Scalable Reservoir Computing with Eliminated Delay Feedback

In this article, we delve into the world of recurrent neural networks (RNNs) and explore how they can be optimized using a unique combination of optical and electronic components. RNNs are a type of neural network that is particularly useful for processing sequential data, such as time series data, but they have some limitations when it comes to handling complex tasks. To overcome these limitations, we propose using a hybrid system that combines the advantages of both optical and electronic components.
The proposed scheme involves using a magneto-resistive (MR) material in the form of a reservoir layer to enhance the performance of the RNN. The MR material acts as a temporal memory element, allowing the network to retain information over time. By modulating the optical pumps that interact with the MR material, we can effectively control the flow of information through the network. This is achieved by using a waveguide to deliver the optical pumps to the MR material and a combiner to combine the output signals.
To further optimize the performance of the system, we use a delay-based input method that allows us to manipulate the phase of the optical signals as they interact with the MR material. This enables us to effectively control the flow of information through the network and improve its accuracy. Additionally, we use an optimized task-independent bias to enhance the performance of the network.
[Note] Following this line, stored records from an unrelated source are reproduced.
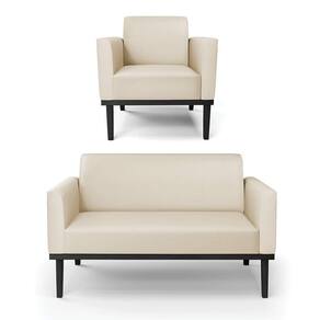 Sofá Namoradeira Com Poltrona Base De Madeira Fixa Preto Marisa Corino D03 - D\`rossi Cor Bege - Blush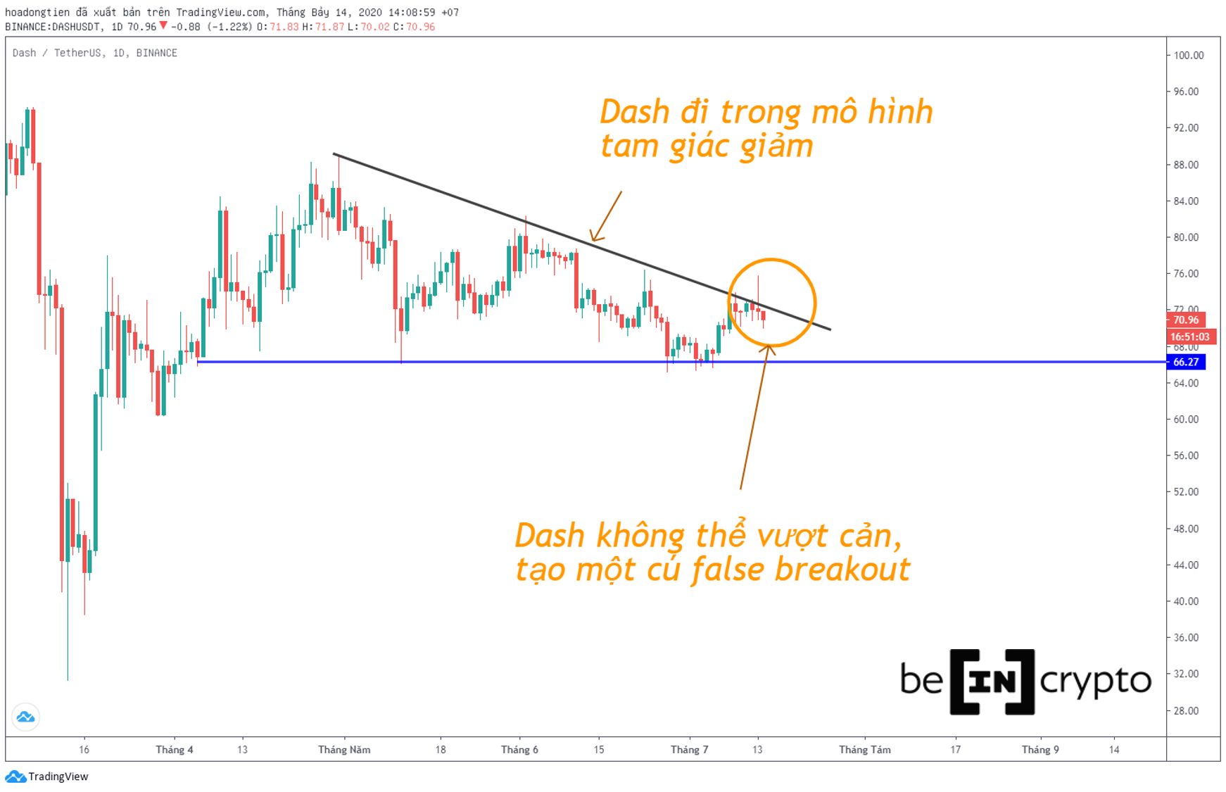 “False Breakout” có nghĩa là vượt cản thất bại. Dash không thể phá vỡ mô hình tam giác giảm kéo dài thời gian qua.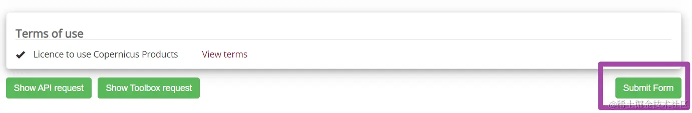 首先,我们介绍一下手动下载的方法。手动下载其实就很简单了,在完成上一个“Accept terms”选项步骤之后,上图右下角就会变成下图右下角所示的“Submit Form”选项;选择这一项即可。这个的意思是,将我们前面配置好的下载信息作为一个请求,发给服务器,服务器只要处理好这个请求,我们就可以开始下载了。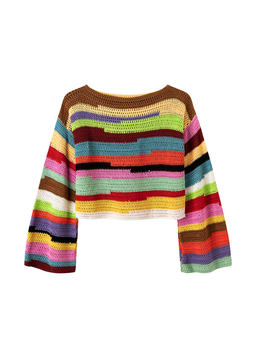 Lana Grossa-Qualität „Cotone” (100 % Baumwolle (gekämmt, gasiert, mercerisiert), LL = ca. 125 m/50 g): ca. 100 g Nelke (Fb. 2) und je ca. 50 g Butterblumengelb (Fb. 129), Hellpetrol (Fb. 43), Hellgrün (Fb. 36), Lila (Fb. 124), Braun (Fb. 37), Narzissengelb (Fb. 94), Schwarz (Fb. 21), Feuerrot (Fb. 120) und Lana Grossa-Qualität „Elastico” (96 % Baumwolle, 4 % Polyester (Elité), LL = ca. 160 m/50 g): je ca. 50 g Hummer (Fb. 186), Orientrot (Fb. 168), Ecru (Fb. 36) und Hellgrün (Fb. 159); 1 Wollhäkelnadel Nr. 4.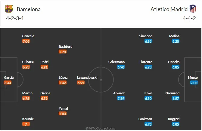 Đội hình dự kiến của Barcelona và Atletico Madrid sẽ giúp chúng ta dự đoán chiến thuật và phong cách chơi của từng đội trong trận đấu này, bạn có thể theo dõi tại dudoanmacao.live.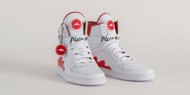 Just in time for March Madness, Pizza Hut has created 64 pairs of limited edition sneakers that use geolocation to order pizza for the wearer. All you have to do is press a button on the tongue of the shoes, and the sneakers connect with a Pie Tops app to automatically place an order. The promotion is intended to emphasize how easy it is to order a pizza from Pizza Hut via multiple digital devices and modes, not just the exclusive shoes.
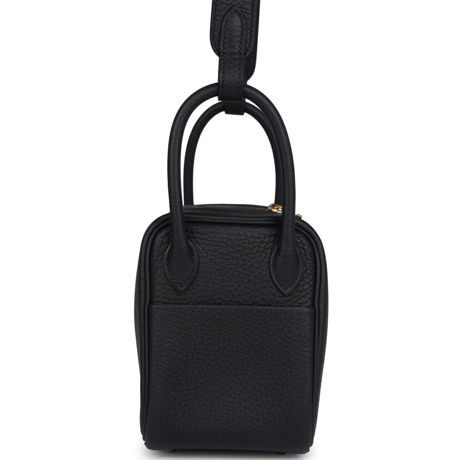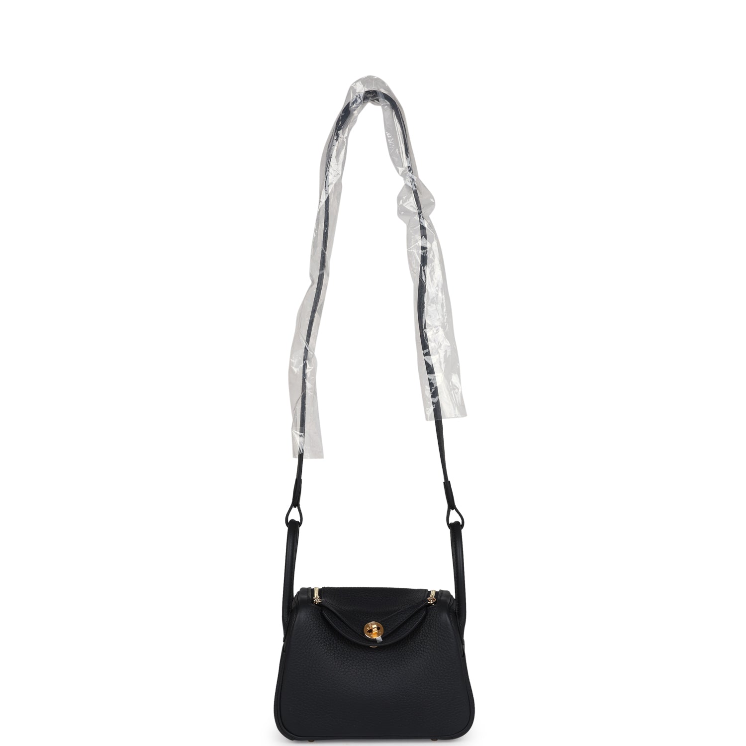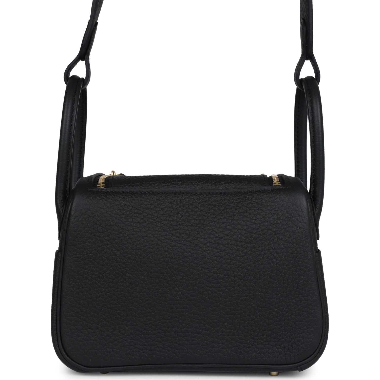 This Mini Lindy II is in Black clemence leather with gold hardware and has tonal stitching, double zipper pulls, front Hermès twist lock, single pocket on each side, two rolled top handles linked by a flat shoulder strap.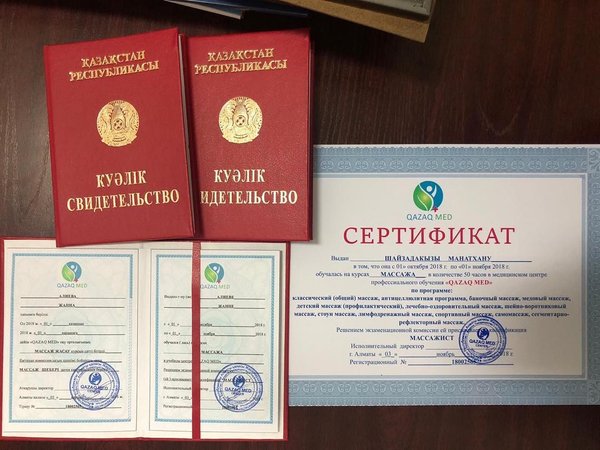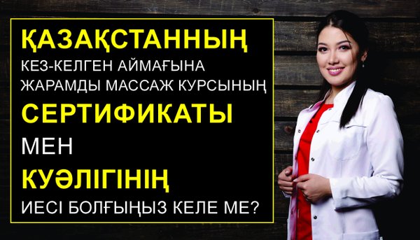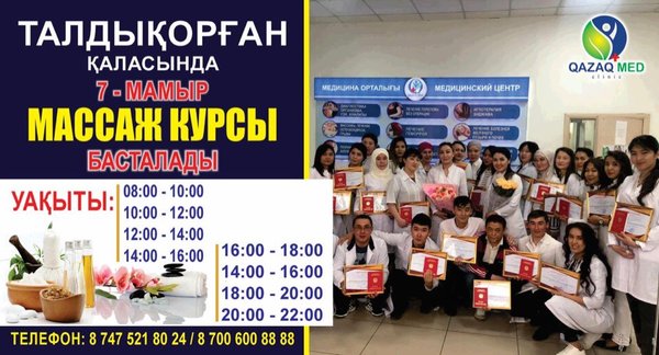 ТАЛДЫҚОРҒАН қаласының тұрғындары ⏳Қысқа уақыт аралығында массаждың қыр-сырын үйреніп, Қазақстанның кез келген аймағына жарамды: СЕРТИФИКАТ ПЕН ДИПЛОМНЫҢ ИЕСІ атаңғыңыз келе ме? Онда «QAZAQ MED«орталығының білікті мамандары: 5 — 11 МАУСЫМ аралығында сiздер үшін 12 түрлі массаж түрін үйретедi! Курс таңғы 8:00 — кешкі 22: 00 аралығында болады! Бағасы: 40 000 тг; Студенттерге: 30 000 тг; Ертерек қабылдауға жазылуға асығыңыздар, орындар санаулы))) Арнайы сертификат пен дипломға ие боласыз! Ватсап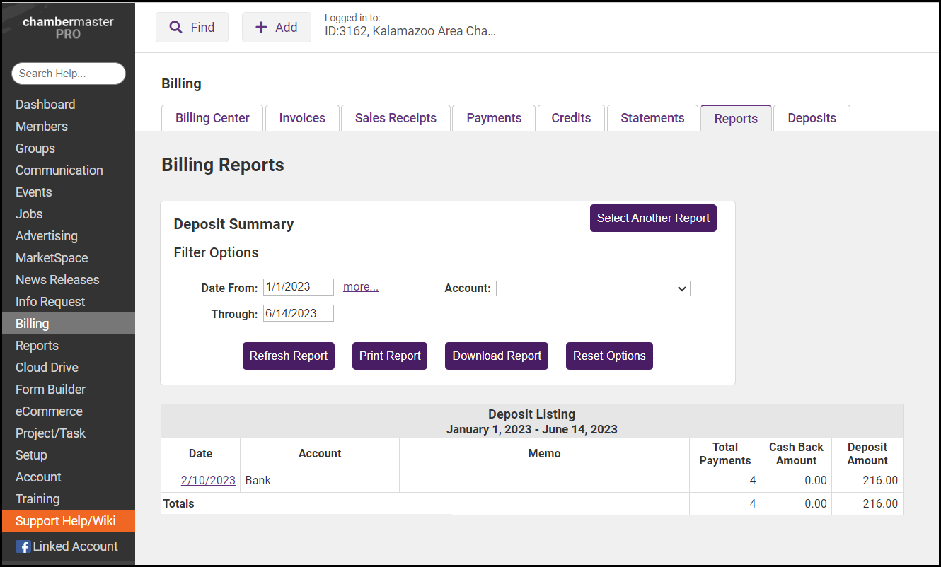 The Deposit Summary report will display deposit transactions.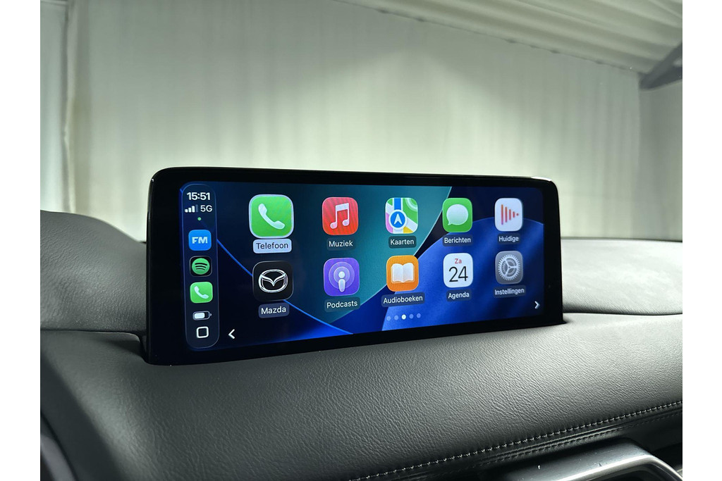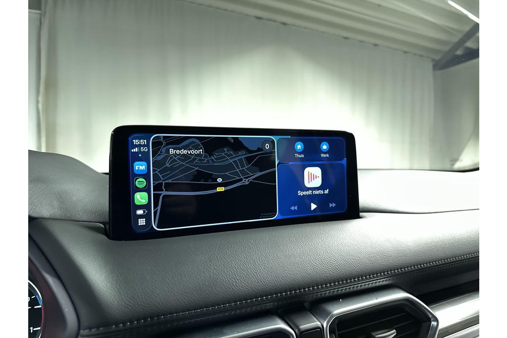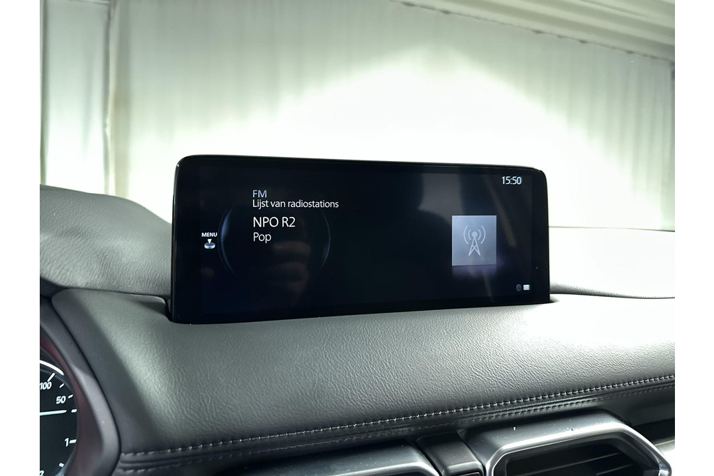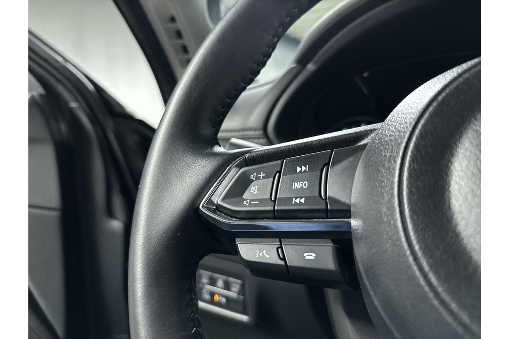 Door het combineren van beelden van vier camera's, biedt de 360 graden camera een naadloos en gedetailleerd beeld van de hele omgeving rondom deze auto. Met adaptive cruise control houdt de auto zelfstandig afstand tot uw voorligger. Een veiligheidsverhogende optie waarmee u comfortabel onderweg bent. Kop aan kont langzaam rijden: dan is afstand houden soms lastig. De file assistent helpt en zorgt automatisch voor veilige ruimte tot de voorligger. Ook als die tot stilstand komt. Connected Services voegt nog meer comfort en veiligheid toe aan deze auto. Elk genre muziek komt tot z'n recht. Het high performance audiosysteem is perfect in te regelen op uw smaak! De Mazda is standaard voorzien van: dashboard met spraakbediening, full map navigatiesysteem, achteropkomend verkeer waarschuwing, electronic climate control, draadloos opladen en DAB ontvangst.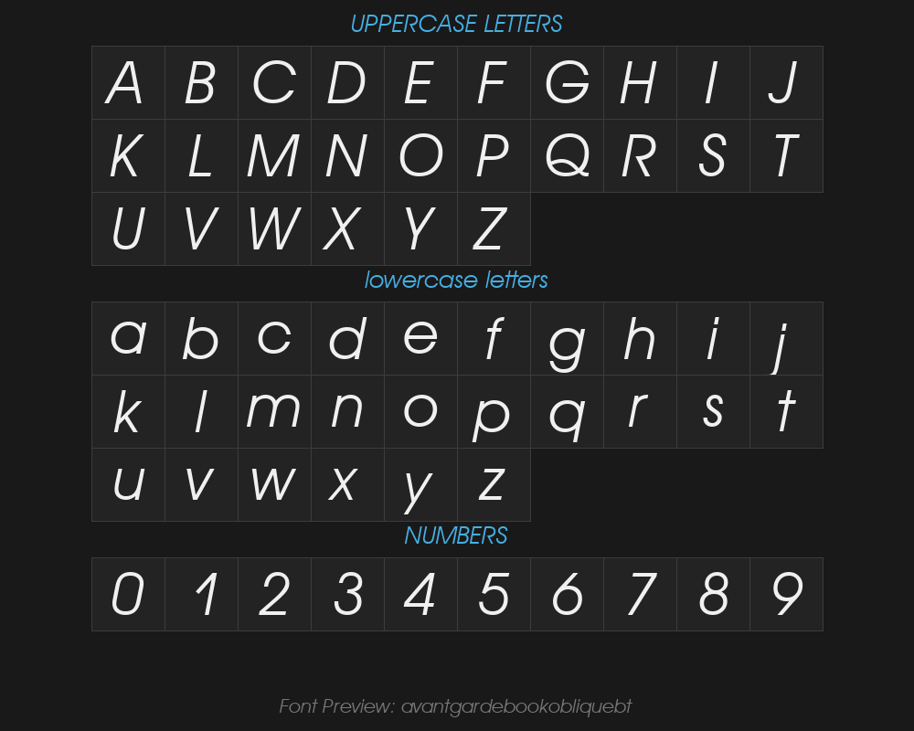 | PostScript name | AvantGardeITCbyBT-BookOblique |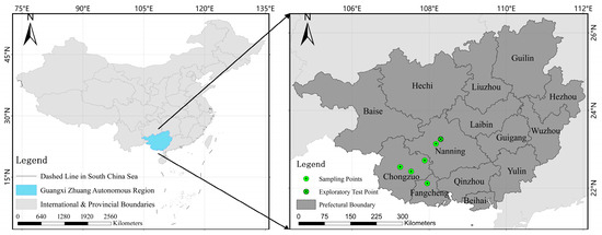| 5 | Laituan Town, Jiangzhou District, Chongzuo | 107°31′19″ E~107°32′31″ E 22°25′08″ N~22°26′13″ N | 2 | March & April 2023 | 4.41 |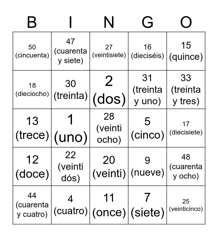 This bingo card has a free space and 24 words: 22 (veinti dós), 4 (cuatro), 2 (dos), 44 (cuarenta y cuatro), 15 (quince), 50 (cincuenta), 18 (dieciocho), 47 (cuarenta y siete), 5 (cinco), 20 (veinti), 31 (treinta y uno), 13 (trece), 9 (nueve), 48 (cuarenta y ocho), 30 (treinta), 7 (siete), 17 (diecisiete), 27 (veintisiete), 33 (treinta y tres), 1 (uno), 25 (veinticinco), 12 (doce), 16 (dieciséis) and 11 (once).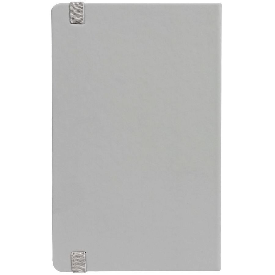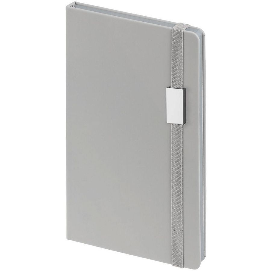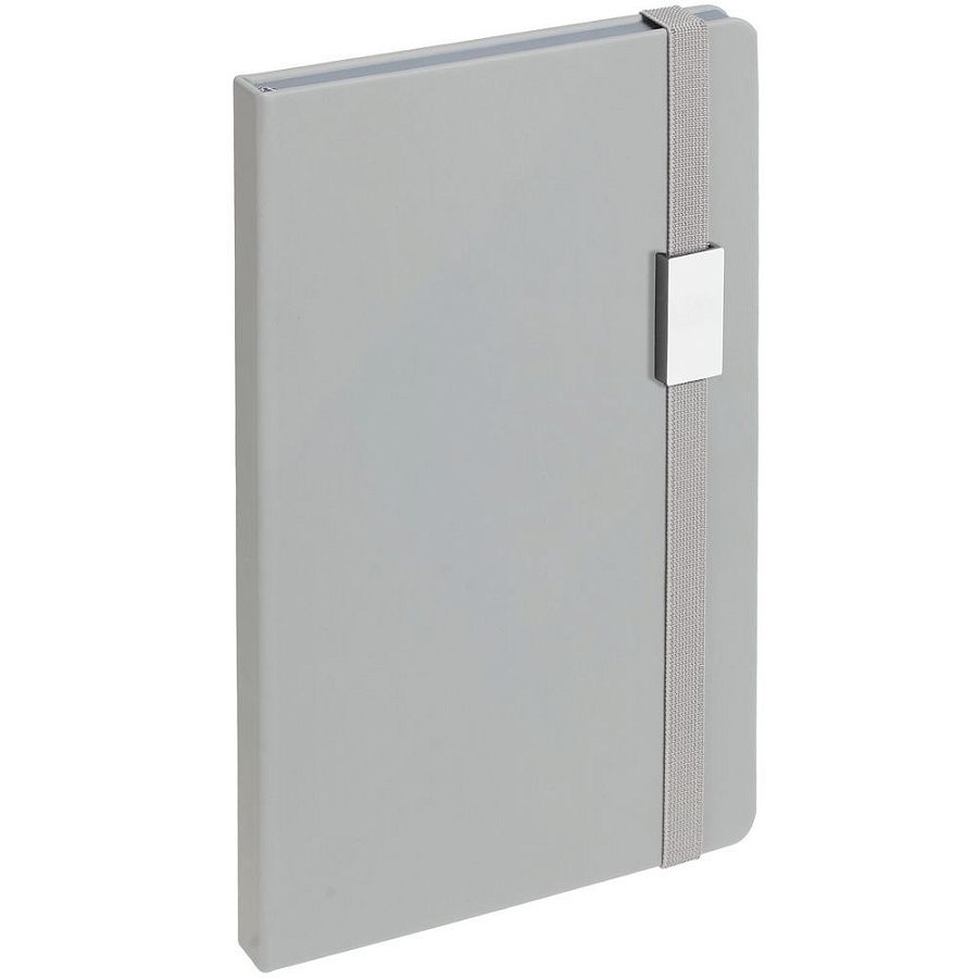 Блокнот в твердой обложке, выполнен из материала Soft Touch, серый СС, дополнен резинкой и ляссе в цвет обложки.
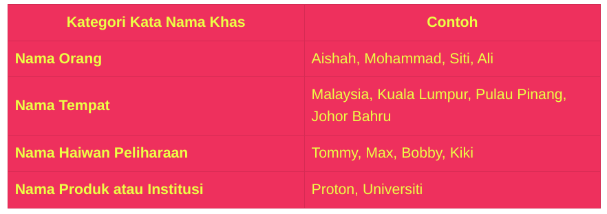 Untuk memahami lebih jelas tentang penggunaan kata nama khas, berikut adalah beberapa contoh ayat yang mengandungi kata nama khas: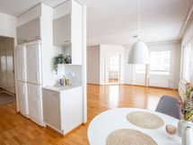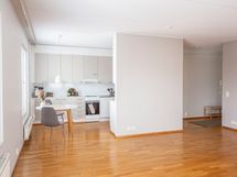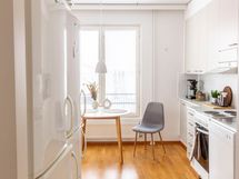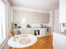 - Keittiön varusteet: Liesi, astianpesukone, liesituuletin ja jääkaappipakastin x 2. Liesi: Sähköhella. Työtason materiaali: Laminaatti. Keittiössä tehty kaunis ja harmoninen pintaremontointi 01/2026, uusittu kaapinovet, työtaso, uudet led-valaisimet, kattovalaisin ja välitilalevy.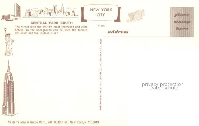 73127964 New York City Central Park South postalisch nicht gelaufen Erhaltung siehe scans [KathaD81] KatCode: 14140340000000

The proposed scheme is demonstrated using a NARMA-10 task, but the potential of MRR-based RNNs has been demonstrated for other time-series prediction tasks as well. The article provides a detailed analysis of the proposed scheme and its performance, showing that it can significantly improve the accuracy of RNNs in complex time series prediction tasks.
In summary, our proposal offers a novel approach to optimizing RNNs by combining them with optical components. By using a hybrid system that leverages the advantages of both electronic and optical components, we can overcome the limitations of traditional RNNs and achieve significantly better performance in complex time series prediction tasks. This work has important implications for a wide range of applications, including signal processing, data analysis, and machine learning.